Further with regard to the prior art, conditioning shampoos existing on the market, which use cationic polymeric conditioning agents, such as quaternized proteins, gums, polyquaternium, silicones, among others, have a few drawbacks. One of them is the technical challenge, since there may be complexation between the cationic agent and the anionic surfactant system, causing destabilization of the formulation.
Besides, compositions containing gums, silicones, quaternized proteins, etc, used in conditioning shampoos found on the market promote an immediate conditioning through mechanism of depositing material onto the hair fiber, by virtue of the molecular weight of these ingredients, but they do not treat the fiber internally.
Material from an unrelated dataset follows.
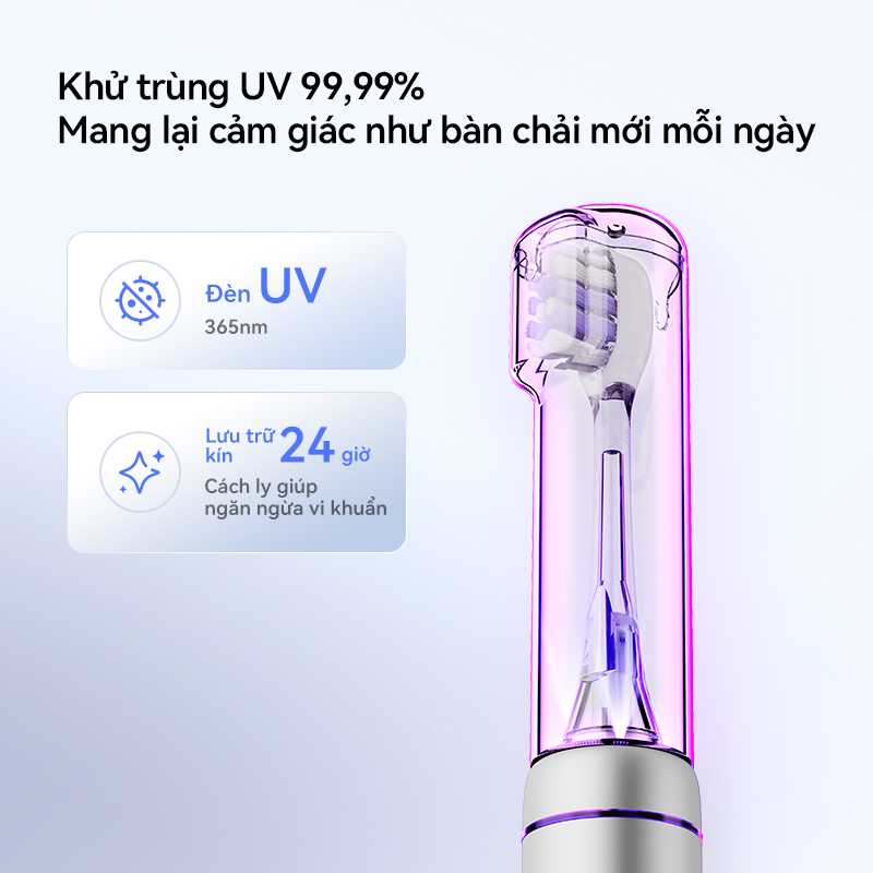 | Công nghệ | Khử khuẩn 99.9% bằng tia UV 365nm |

In the long run, they may further cause the undesirable build-up effect due to accumulation of product residues on one's hair.
Thus, one of the main objectives of the present invention is to bring about immediate and long-term conditioning through encapsulation of cationic surfactants, for instance, derived from quaternary ammonium, in lipidic nanoparticles using oils, butters and waxes, for instance, carnauba wax, as structuring agents of the lipidic carrier (lipidic nanoparticles), associating a long-term treatment effect through substantivity and regeneration of the hair fiber, as well as short-term cleansing effect, conditioning, improvement of combability, softness, brightness, decrease in frizz, decrease in volume, looser hair, among others. Since the positive charge of the conditioning system is not in contact with the negative charge of the shampoo base or other preparations for keratinic substrates (such as shampoos, toilet-soaps, conditioners, hydrating masks, leave-on, among other examples), by virtue of the nanoencapsulation process, the technical difficulty of handling the formulations is minimized, and thus the stabilization thereof is guaranteed. Besides, due to the nanometric size, the nanoparticles are expected to have a greater potential of penetration into the substrate (example: hair fiber), treating it internally instead of depositing only onto the outer area, which minimizes the build-up effect already mentioned before.